1. The decompression sequence is assigned to multiple variables

Problem

Now that there is a tuple of n elements or a sequence, how do you extract the values in it and assign them to n variables at the same time?

Solve

Any sequence can be extracted to multiple variables by a simple assignment statement, only if the number of variables needs to be the same as the number of elements in the sequence.

code example:

Discuss

In fact, this decompression assignment can be used on any iterator object, not just a list or tuple. Includes strings, file objects, iterators, and generators.

code example:

Sometimes, you might just want to unzip a part and discard other values. For this scenario, Python does not provide a special syntax. But you can use any variable name to take a place, and then throw away the variables.

code example:

It is important to ensure that the names of the selected placeholder variables are not used elsewhere.

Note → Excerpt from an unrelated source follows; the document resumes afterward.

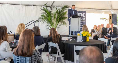
A focused audience listening to the vision and plan that CTP has mapped out for the next 18 months.
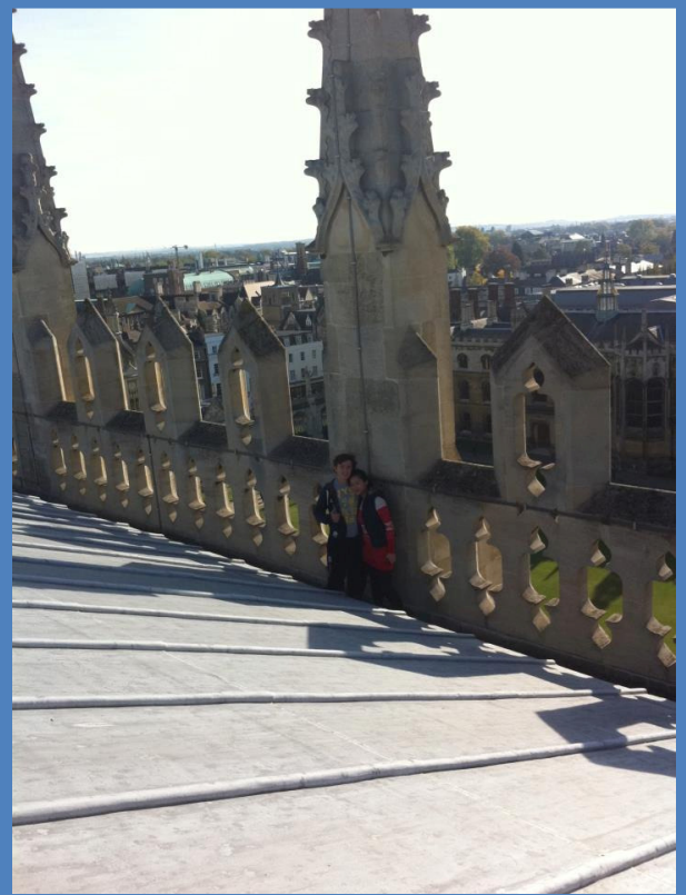
On King's Chapel roof

I remember the first essay I handed in. It was returned to me covered in red ink and I was slightly disheartened. However, re-reading that first essay later on, I was shocked that I ever turned in an essay of that standard! It is really amazing how quickly you develop skills and how

2. Unzip an iterative object to assign values to multiple variables

Problem

If the number of elements of an iterative object exceeds the number of variables, a valueerror is thrown. So how can you extract N elements out of this iterative object?

Solve

The asterisk expression in Python can be used to solve this problem. For example, when studying a course, at the end of the semester, want to count the average performance of homework, but exclude the first and the last score. If you have only four points, you may go straight to a simple manual assignment, but what if there are 24? The asterisk expression comes in handy:

It is worth noting that the variable extracted by the asterisk expression is always a list type.

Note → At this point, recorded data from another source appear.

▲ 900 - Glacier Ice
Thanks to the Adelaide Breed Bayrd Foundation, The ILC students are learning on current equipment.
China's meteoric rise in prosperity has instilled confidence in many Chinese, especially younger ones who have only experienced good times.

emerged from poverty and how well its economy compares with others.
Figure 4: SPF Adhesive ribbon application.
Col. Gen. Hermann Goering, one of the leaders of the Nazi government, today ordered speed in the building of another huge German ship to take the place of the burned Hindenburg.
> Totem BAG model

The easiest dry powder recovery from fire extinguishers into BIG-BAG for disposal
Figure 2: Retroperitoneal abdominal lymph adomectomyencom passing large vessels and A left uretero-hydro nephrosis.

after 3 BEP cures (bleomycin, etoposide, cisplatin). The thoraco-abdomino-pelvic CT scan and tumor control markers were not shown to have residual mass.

An asterisk expression can also be used at the beginning of the list. For example, there is a sequence of sales data for the first 8 months of a company, but you want to see a comparison of the last one months with the average of the previous 7 months. You can do this:

Discuss

The extended iterative decompression syntax is specifically designed to decompress an indeterminate number or an arbitrary number of elements in an iterative object. Typically, the element structure of these iterative objects has certain rules (for example, the 1th element is followed by a phone number), and the asterisk expression allows developers to easily use these rules to extract elements. Instead of getting these associated element values through some more sophisticated means. It is important to note that an asterisk expression is useful when iterating over a sequence of elements that are variable-length tuples. For example, here is a list of tuples with labels:

Sometimes you want to extract some elements and discard them, you can't simply use *, but you can use a generic deprecated name, such as _ or IGN.

code example:

3. Keep the last N elements

Problem

How do you keep a history of only the last finite number of elements when iterating or doing something else?

Solution Solutions

Keeping a limited history is the time to Collections.deque. For example, the following code makes a simple text match on multiple lines and returns the first N rows of the row that match:

Discuss

When we write the code for a query element, we typically use the generator function that contains the yield expression, which is what we have in the example code above. This allows you to decouple the search process code and use the search result code.

Using the Deque (Maxlen=n) constructor creates a new fixed-size queue. When a new element is added and the queue is full, the oldest element is automatically removed.

code example:

Although you can do this manually on a list (such as add, delete, and so on). But the queue scheme here will be more elegant and run faster. More generally, the Deque class can be used in any situation where only a simple queue data structure is needed. If you do not set the maximum queue size, you will get an infinite size queue that can be used to add and eject elements at both ends of the queue.

code example:

The time complexity of inserting or deleting elements at both ends of the queue is O (1), and the time complexity of inserting or deleting elements at the beginning of the list is O (N).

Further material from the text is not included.